INSTRUCTIONS TO FOLLOW:
For the entries below, the expected answer is the line with "Генштаб ВСУ опубликовал", the line with "Поставила на деревья", and every line between them, exactly as written, and nothing more.

↓↓↓

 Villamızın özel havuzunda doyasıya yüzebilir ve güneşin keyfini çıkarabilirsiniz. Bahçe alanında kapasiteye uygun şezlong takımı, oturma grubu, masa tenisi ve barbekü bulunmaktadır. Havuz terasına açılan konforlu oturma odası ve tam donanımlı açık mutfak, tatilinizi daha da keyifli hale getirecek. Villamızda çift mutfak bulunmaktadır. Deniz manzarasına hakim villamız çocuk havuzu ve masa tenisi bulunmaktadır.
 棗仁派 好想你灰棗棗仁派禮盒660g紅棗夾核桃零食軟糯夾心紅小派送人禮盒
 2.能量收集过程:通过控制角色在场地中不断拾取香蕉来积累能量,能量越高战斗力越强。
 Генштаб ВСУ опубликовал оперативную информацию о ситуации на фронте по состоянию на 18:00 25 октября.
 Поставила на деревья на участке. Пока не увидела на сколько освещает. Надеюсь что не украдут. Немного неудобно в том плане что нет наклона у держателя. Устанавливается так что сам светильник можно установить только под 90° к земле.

↑↑↑
↓↓↓

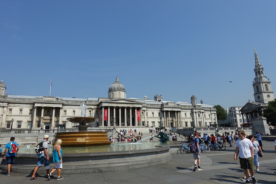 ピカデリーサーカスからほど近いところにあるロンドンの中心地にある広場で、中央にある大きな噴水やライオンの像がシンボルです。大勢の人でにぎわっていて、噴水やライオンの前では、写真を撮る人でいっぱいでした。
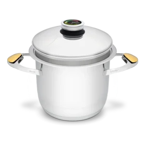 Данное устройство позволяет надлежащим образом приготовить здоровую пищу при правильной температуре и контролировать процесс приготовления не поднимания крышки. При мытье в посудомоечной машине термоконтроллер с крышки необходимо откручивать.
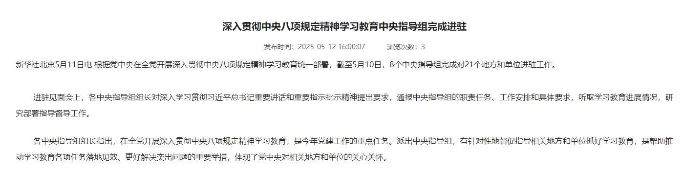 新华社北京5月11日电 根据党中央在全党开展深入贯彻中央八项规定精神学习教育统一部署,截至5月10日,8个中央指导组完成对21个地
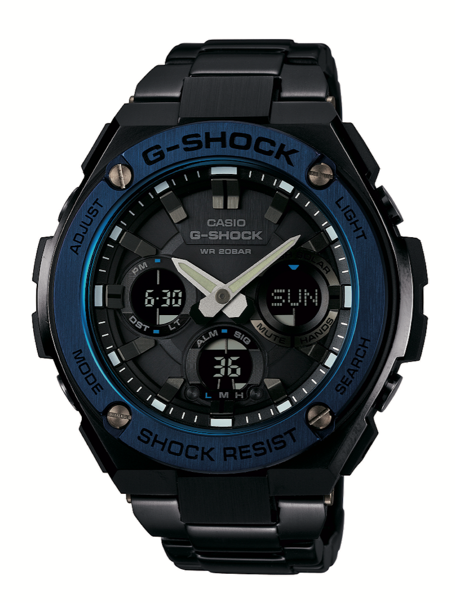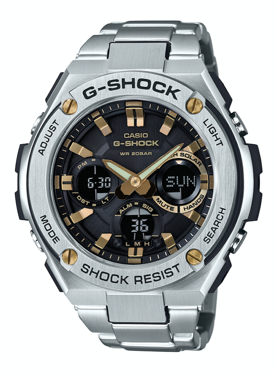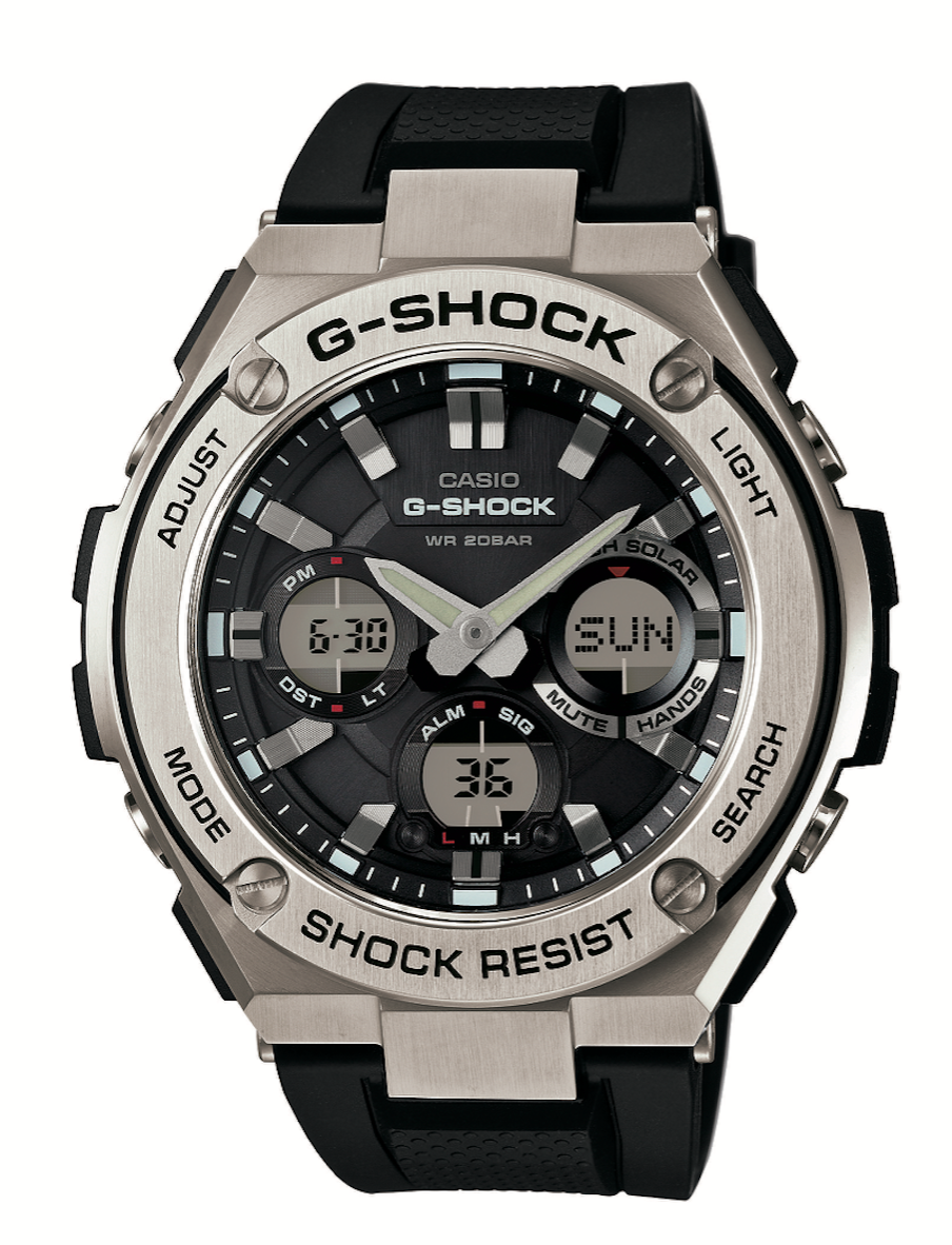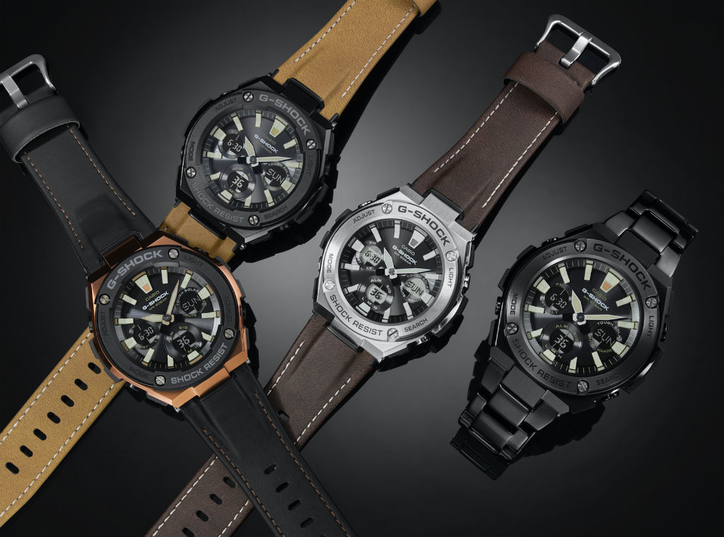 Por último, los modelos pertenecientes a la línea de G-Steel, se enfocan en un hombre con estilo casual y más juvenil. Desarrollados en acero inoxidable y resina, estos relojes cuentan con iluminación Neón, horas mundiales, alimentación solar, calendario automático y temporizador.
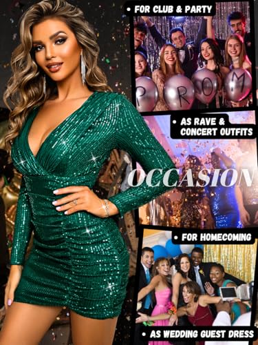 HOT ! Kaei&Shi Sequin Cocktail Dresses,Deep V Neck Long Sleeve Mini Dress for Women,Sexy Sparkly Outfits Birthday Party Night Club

↑↑↑

RESPONSE TO THIS EXERCISE:
 Генштаб ВСУ опубликовал оперативную информацию о ситуации на фронте по состоянию на 18:00 25 октября.
 Поставила на деревья на участке. Пока не увидела на сколько освещает. Надеюсь что не украдут. Немного неудобно в том плане что нет наклона у держателя. Устанавливается так что сам светильник можно установить только под 90° к земле.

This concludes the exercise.